_Task brief_:
Output only the lines below that start at the line containing "11月26日下午,应特种功能" and end at the line containing "A lo largo de", with both ends kept.

_Task input_:
▽
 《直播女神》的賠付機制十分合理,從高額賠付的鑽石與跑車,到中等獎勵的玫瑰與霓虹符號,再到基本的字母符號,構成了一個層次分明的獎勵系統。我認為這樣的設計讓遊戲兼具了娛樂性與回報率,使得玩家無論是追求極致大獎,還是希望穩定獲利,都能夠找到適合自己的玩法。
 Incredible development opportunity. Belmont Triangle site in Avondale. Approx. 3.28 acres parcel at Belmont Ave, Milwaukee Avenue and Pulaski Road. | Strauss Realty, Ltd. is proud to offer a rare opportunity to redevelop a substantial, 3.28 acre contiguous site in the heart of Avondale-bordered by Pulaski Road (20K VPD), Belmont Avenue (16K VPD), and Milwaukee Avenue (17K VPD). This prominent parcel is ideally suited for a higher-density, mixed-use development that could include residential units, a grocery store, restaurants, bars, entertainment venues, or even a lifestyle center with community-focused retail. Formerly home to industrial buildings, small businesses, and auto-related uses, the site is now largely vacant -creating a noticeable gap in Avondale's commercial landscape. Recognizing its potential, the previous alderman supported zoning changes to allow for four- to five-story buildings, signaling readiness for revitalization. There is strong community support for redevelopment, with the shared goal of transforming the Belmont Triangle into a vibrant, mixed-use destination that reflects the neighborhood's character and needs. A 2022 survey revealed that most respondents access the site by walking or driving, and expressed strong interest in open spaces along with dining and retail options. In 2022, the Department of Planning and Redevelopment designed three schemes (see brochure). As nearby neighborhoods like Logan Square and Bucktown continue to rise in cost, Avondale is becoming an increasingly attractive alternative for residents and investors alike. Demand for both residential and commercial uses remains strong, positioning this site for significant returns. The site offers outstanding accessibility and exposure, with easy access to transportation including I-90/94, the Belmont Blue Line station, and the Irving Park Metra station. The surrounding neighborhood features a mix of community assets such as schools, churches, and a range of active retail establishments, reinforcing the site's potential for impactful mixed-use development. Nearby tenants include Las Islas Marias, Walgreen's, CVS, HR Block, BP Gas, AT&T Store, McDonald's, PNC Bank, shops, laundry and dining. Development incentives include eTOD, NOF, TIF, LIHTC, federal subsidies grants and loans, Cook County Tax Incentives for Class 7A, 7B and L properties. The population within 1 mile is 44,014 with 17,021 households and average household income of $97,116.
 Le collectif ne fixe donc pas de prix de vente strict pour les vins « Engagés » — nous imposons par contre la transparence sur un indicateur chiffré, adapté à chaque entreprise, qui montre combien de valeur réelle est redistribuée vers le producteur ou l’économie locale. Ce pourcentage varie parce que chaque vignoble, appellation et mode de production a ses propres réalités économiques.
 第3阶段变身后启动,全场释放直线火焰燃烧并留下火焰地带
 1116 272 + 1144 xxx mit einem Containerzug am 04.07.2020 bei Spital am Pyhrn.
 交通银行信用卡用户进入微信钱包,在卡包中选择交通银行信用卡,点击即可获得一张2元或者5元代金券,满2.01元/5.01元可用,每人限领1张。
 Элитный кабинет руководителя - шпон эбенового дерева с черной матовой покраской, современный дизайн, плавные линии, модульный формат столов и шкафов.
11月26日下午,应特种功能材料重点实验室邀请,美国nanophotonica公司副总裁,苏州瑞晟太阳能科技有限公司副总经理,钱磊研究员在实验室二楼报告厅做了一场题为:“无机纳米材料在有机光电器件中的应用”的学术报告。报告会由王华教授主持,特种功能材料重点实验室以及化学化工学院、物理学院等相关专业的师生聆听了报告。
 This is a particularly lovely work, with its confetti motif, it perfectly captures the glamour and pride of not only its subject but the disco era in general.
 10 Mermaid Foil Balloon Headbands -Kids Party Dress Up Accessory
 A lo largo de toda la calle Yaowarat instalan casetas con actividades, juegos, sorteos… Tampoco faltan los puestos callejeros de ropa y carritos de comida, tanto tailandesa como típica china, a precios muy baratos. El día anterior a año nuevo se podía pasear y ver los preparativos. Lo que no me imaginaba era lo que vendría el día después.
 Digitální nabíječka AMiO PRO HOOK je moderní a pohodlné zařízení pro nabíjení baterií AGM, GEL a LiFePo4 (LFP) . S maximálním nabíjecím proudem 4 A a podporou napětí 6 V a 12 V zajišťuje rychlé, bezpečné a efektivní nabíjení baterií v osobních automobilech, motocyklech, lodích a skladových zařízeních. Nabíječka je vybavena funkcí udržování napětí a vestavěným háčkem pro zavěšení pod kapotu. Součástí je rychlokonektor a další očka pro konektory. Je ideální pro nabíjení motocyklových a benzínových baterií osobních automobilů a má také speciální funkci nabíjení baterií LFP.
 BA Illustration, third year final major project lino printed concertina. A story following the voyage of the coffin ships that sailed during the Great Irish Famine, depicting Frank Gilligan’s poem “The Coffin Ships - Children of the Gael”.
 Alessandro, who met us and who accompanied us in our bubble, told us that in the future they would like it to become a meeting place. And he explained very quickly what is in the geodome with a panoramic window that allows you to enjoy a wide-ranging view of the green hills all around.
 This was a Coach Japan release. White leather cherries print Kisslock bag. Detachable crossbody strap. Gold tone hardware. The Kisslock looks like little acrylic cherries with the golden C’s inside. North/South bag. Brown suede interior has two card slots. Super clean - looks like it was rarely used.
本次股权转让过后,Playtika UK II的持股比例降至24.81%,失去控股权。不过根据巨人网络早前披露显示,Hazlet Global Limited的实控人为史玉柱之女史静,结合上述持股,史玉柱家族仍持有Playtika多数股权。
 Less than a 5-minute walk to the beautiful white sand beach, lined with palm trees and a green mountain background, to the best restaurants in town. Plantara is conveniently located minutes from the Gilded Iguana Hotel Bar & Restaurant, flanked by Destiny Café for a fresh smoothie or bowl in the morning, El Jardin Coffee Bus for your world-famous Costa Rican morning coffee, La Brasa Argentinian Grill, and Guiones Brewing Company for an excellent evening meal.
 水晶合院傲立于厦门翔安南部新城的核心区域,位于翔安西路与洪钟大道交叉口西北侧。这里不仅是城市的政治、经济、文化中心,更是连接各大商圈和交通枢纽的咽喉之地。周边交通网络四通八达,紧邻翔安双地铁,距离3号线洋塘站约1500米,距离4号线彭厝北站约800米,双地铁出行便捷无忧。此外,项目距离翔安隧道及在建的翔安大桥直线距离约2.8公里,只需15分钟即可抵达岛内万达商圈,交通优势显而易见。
△
_Response to the task_:
11月26日下午,应特种功能材料重点实验室邀请,美国nanophotonica公司副总裁,苏州瑞晟太阳能科技有限公司副总经理,钱磊研究员在实验室二楼报告厅做了一场题为:“无机纳米材料在有机光电器件中的应用”的学术报告。报告会由王华教授主持,特种功能材料重点实验室以及化学化工学院、物理学院等相关专业的师生聆听了报告。
 This is a particularly lovely work, with its confetti motif, it perfectly captures the glamour and pride of not only its subject but the disco era in general.
 10 Mermaid Foil Balloon Headbands -Kids Party Dress Up Accessory
 A lo largo de toda la calle Yaowarat instalan casetas con actividades, juegos, sorteos… Tampoco faltan los puestos callejeros de ropa y carritos de comida, tanto tailandesa como típica china, a precios muy baratos. El día anterior a año nuevo se podía pasear y ver los preparativos. Lo que no me imaginaba era lo que vendría el día después.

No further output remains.